## WHAT IS NEEDED
Your copy should match the listing below exactly, except that it holds no images.

## SOURCE DATA
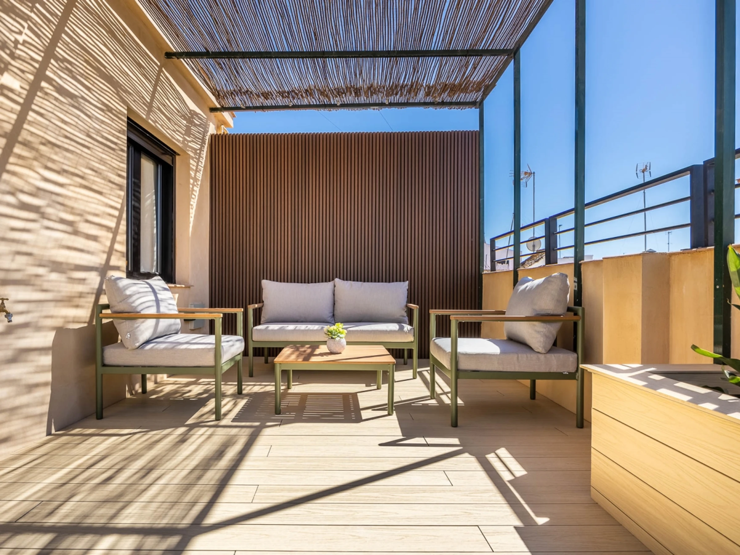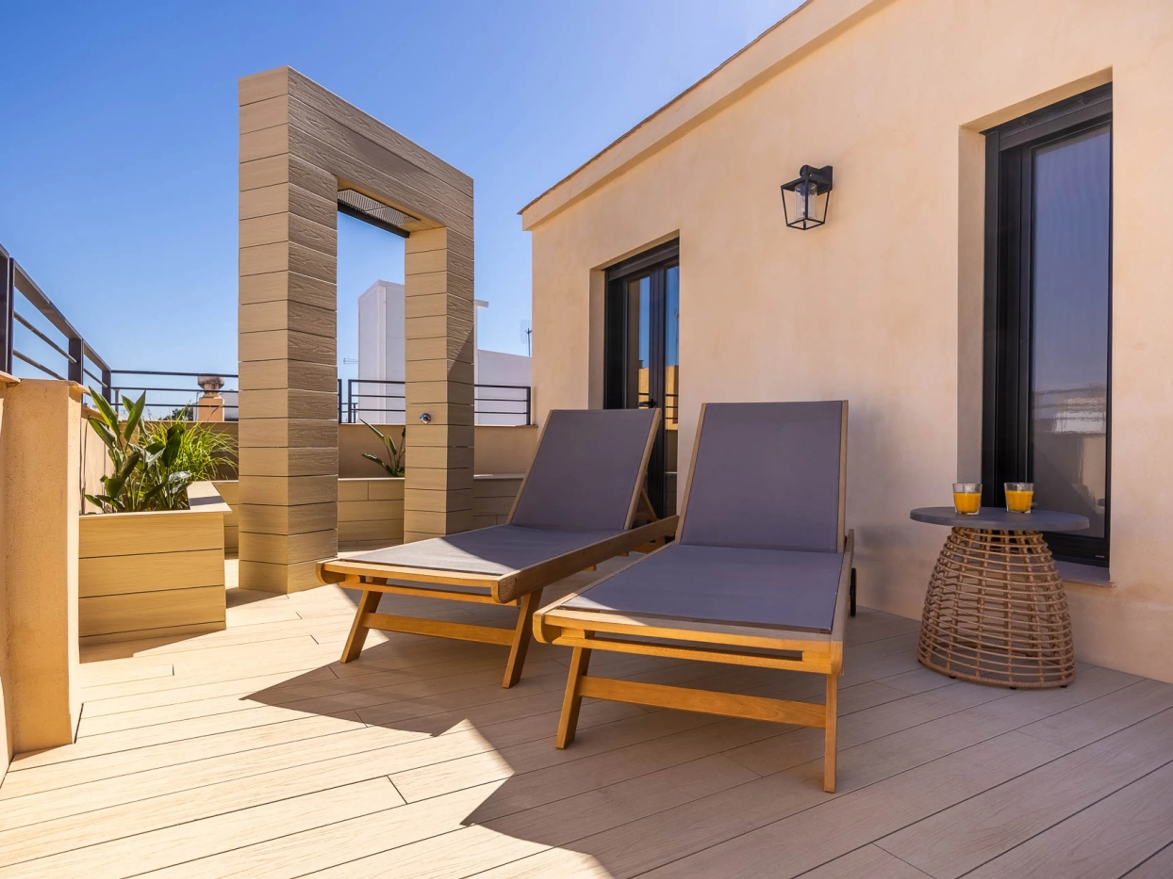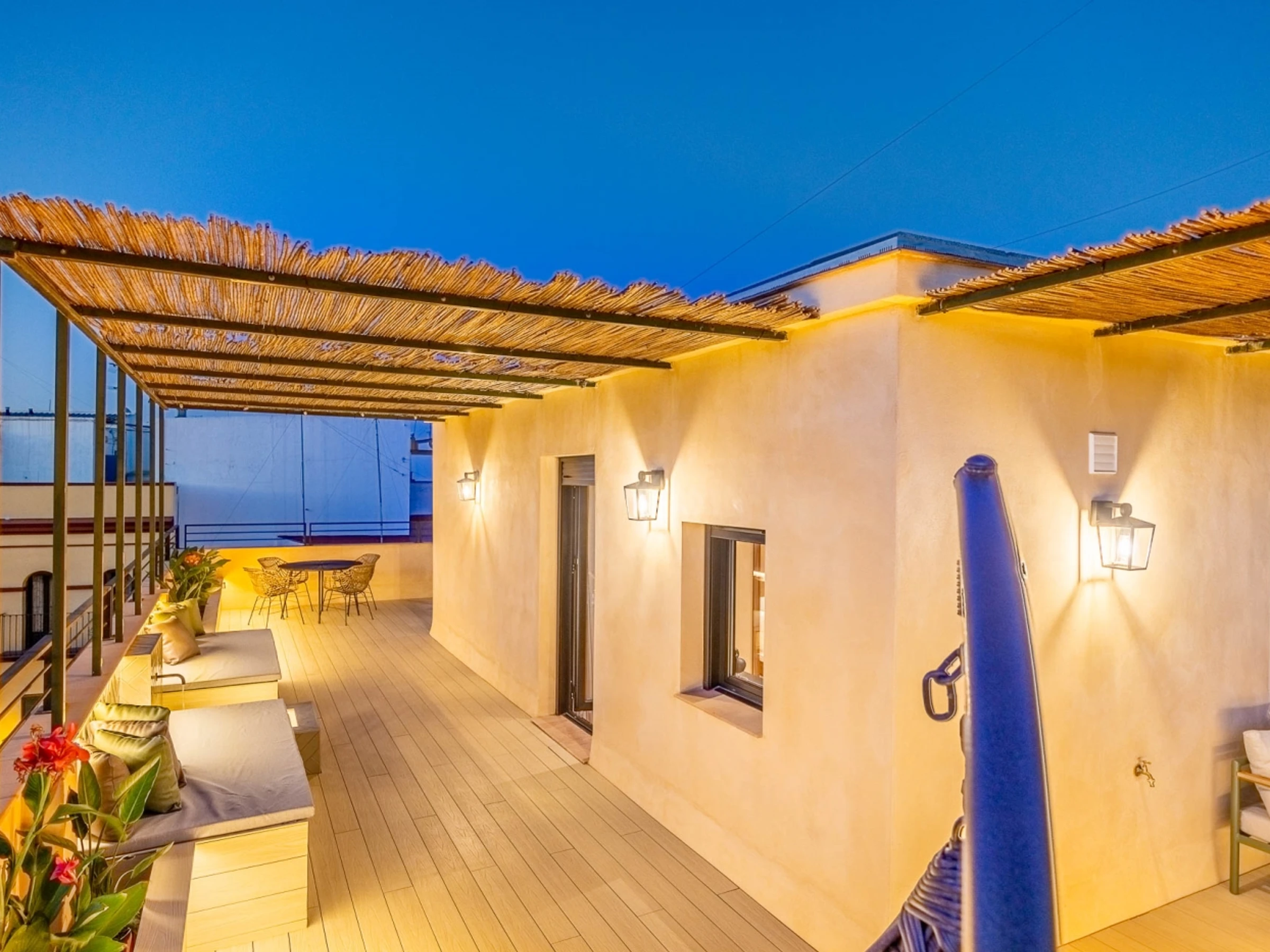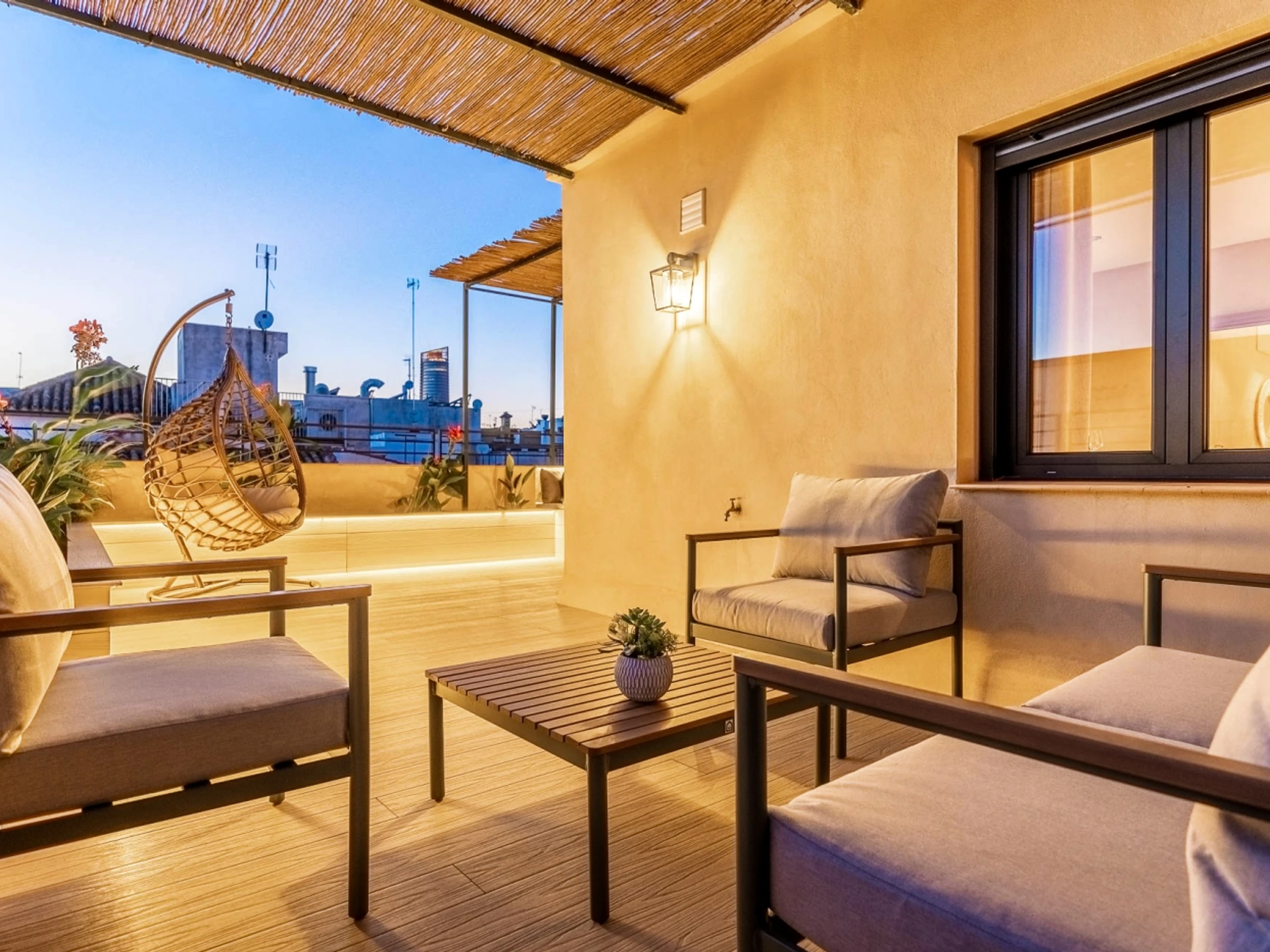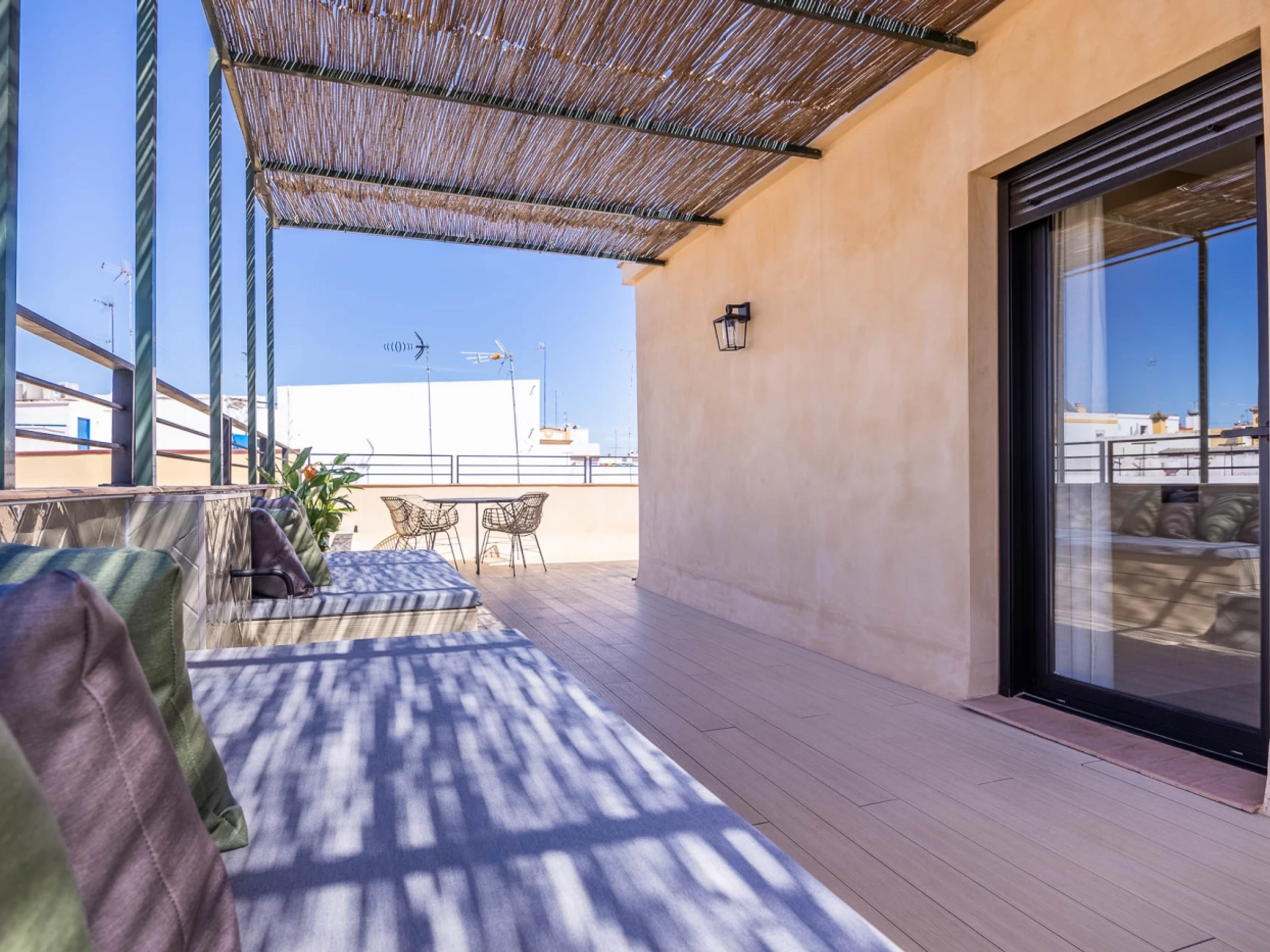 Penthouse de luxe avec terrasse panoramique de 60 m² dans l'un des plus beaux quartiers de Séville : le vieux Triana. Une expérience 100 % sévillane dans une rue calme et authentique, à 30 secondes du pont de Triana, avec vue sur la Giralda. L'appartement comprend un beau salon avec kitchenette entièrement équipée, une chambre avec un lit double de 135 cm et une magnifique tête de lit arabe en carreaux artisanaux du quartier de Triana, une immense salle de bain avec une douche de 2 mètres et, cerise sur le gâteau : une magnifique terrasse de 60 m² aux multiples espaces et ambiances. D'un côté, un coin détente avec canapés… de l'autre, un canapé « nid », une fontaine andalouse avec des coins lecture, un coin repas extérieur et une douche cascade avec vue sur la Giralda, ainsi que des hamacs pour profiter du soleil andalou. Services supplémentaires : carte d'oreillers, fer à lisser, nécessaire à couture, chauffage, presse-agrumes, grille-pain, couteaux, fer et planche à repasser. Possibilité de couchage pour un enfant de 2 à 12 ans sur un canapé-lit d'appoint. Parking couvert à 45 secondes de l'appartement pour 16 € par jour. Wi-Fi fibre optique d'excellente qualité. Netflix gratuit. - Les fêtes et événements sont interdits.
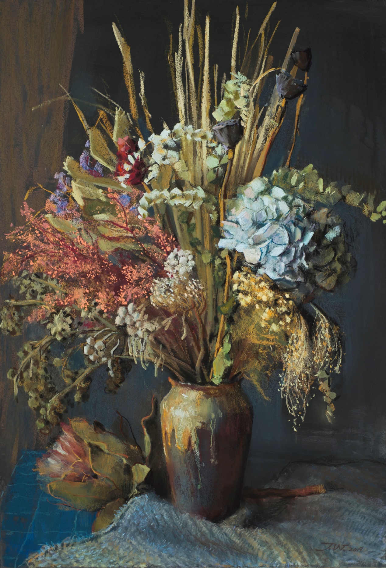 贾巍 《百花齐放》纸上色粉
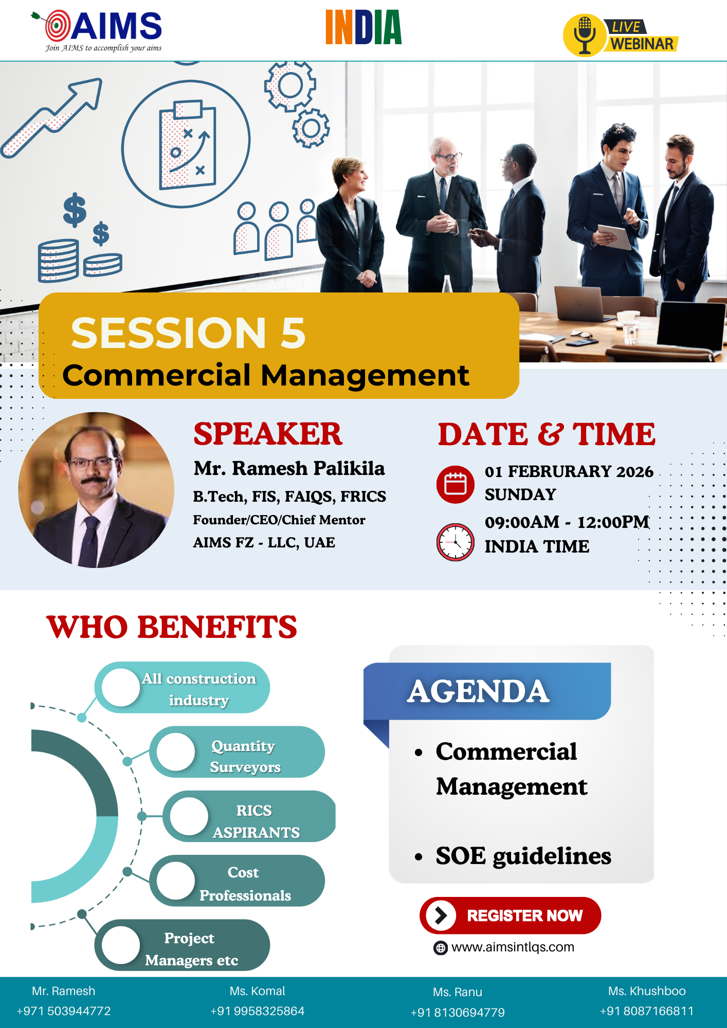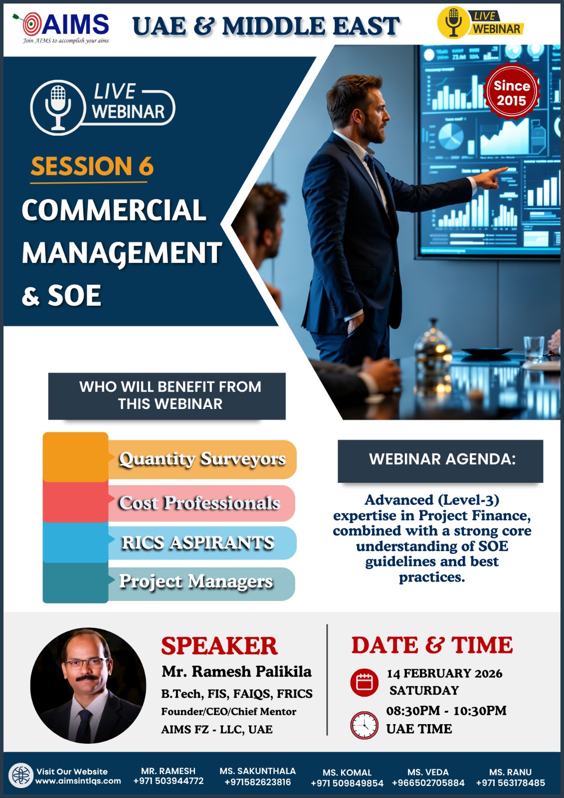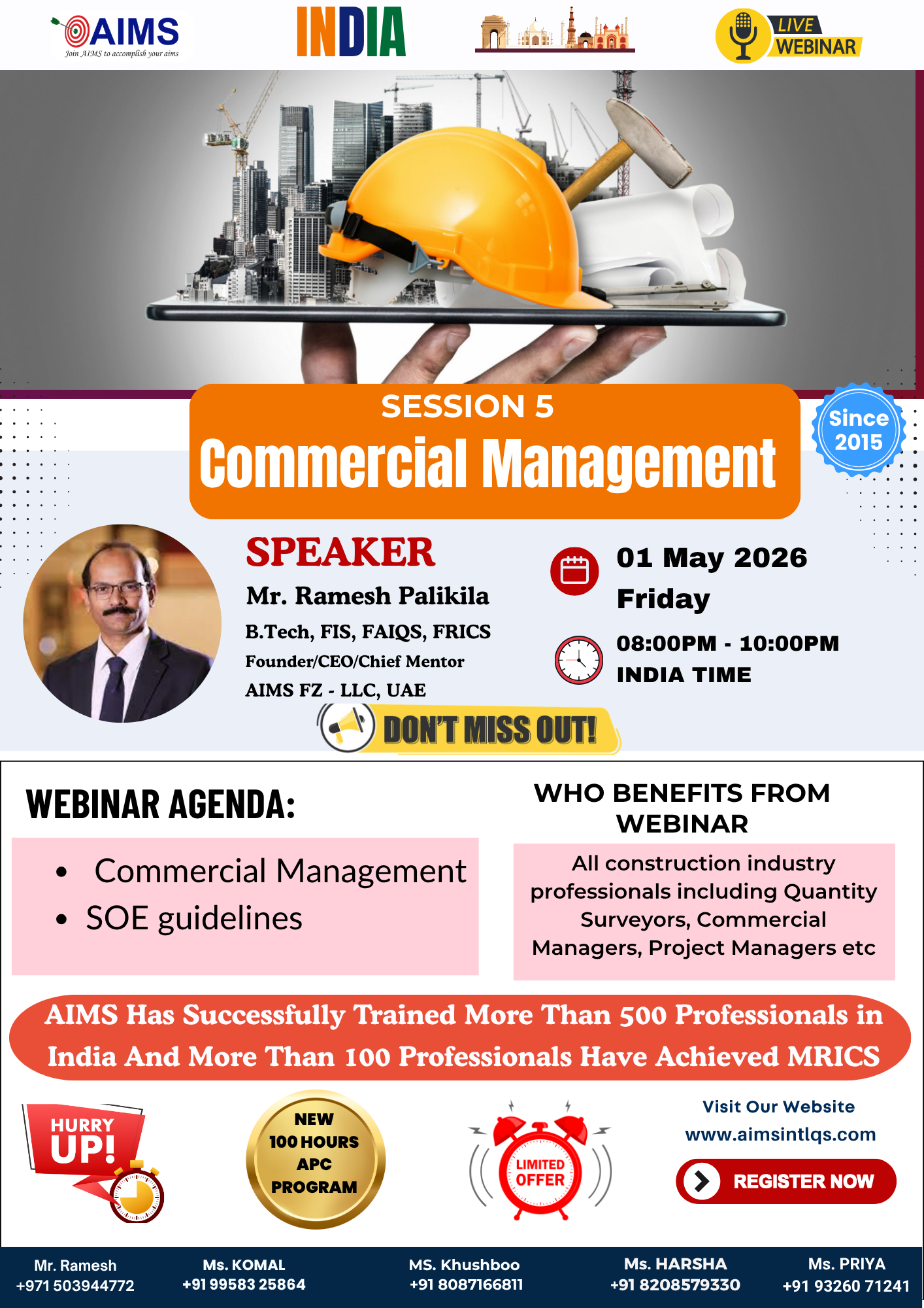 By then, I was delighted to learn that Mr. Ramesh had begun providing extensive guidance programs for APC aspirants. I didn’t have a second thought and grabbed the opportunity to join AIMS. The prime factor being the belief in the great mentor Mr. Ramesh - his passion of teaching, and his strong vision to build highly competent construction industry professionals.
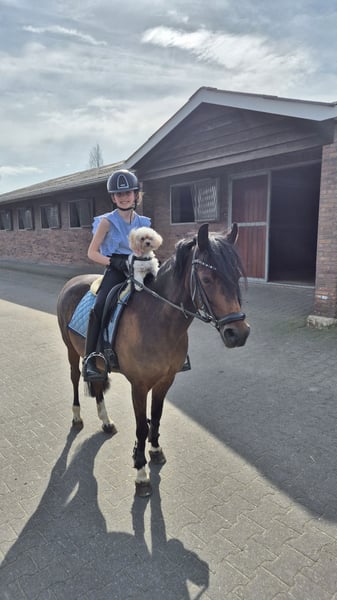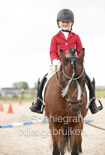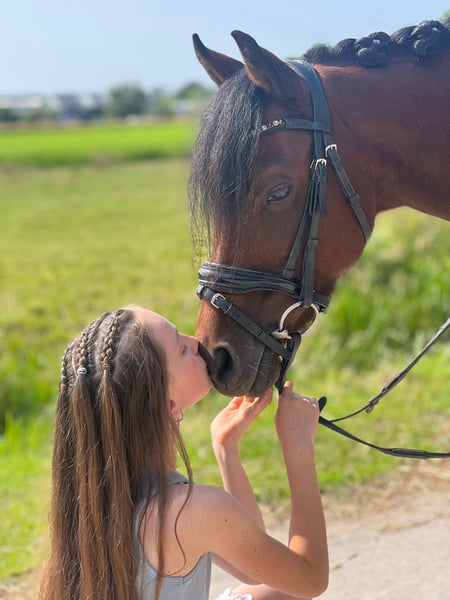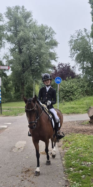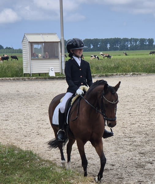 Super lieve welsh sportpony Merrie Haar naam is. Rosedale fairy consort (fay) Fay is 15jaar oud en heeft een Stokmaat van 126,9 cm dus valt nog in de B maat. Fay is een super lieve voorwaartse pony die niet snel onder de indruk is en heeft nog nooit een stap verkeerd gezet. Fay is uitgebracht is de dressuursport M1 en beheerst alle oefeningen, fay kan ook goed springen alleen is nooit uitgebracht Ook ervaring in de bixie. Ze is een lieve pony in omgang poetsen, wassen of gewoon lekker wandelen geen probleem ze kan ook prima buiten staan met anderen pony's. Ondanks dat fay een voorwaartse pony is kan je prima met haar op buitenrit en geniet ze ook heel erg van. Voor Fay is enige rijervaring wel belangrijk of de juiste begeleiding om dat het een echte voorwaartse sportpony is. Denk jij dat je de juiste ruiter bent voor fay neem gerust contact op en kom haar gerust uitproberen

## WRITTEN RESPONSE
 Penthouse de luxe avec terrasse panoramique de 60 m² dans l'un des plus beaux quartiers de Séville : le vieux Triana. Une expérience 100 % sévillane dans une rue calme et authentique, à 30 secondes du pont de Triana, avec vue sur la Giralda. L'appartement comprend un beau salon avec kitchenette entièrement équipée, une chambre avec un lit double de 135 cm et une magnifique tête de lit arabe en carreaux artisanaux du quartier de Triana, une immense salle de bain avec une douche de 2 mètres et, cerise sur le gâteau : une magnifique terrasse de 60 m² aux multiples espaces et ambiances. D'un côté, un coin détente avec canapés… de l'autre, un canapé « nid », une fontaine andalouse avec des coins lecture, un coin repas extérieur et une douche cascade avec vue sur la Giralda, ainsi que des hamacs pour profiter du soleil andalou. Services supplémentaires : carte d'oreillers, fer à lisser, nécessaire à couture, chauffage, presse-agrumes, grille-pain, couteaux, fer et planche à repasser. Possibilité de couchage pour un enfant de 2 à 12 ans sur un canapé-lit d'appoint. Parking couvert à 45 secondes de l'appartement pour 16 € par jour. Wi-Fi fibre optique d'excellente qualité. Netflix gratuit. - Les fêtes et événements sont interdits.
 贾巍 《百花齐放》纸上色粉
 By then, I was delighted to learn that Mr. Ramesh had begun providing extensive guidance programs for APC aspirants. I didn’t have a second thought and grabbed the opportunity to join AIMS. The prime factor being the belief in the great mentor Mr. Ramesh - his passion of teaching, and his strong vision to build highly competent construction industry professionals.
 Super lieve welsh sportpony Merrie Haar naam is. Rosedale fairy consort (fay) Fay is 15jaar oud en heeft een Stokmaat van 126,9 cm dus valt nog in de B maat. Fay is een super lieve voorwaartse pony die niet snel onder de indruk is en heeft nog nooit een stap verkeerd gezet. Fay is uitgebracht is de dressuursport M1 en beheerst alle oefeningen, fay kan ook goed springen alleen is nooit uitgebracht Ook ervaring in de bixie. Ze is een lieve pony in omgang poetsen, wassen of gewoon lekker wandelen geen probleem ze kan ook prima buiten staan met anderen pony's. Ondanks dat fay een voorwaartse pony is kan je prima met haar op buitenrit en geniet ze ook heel erg van. Voor Fay is enige rijervaring wel belangrijk of de juiste begeleiding om dat het een echte voorwaartse sportpony is. Denk jij dat je de juiste ruiter bent voor fay neem gerust contact op en kom haar gerust uitproberen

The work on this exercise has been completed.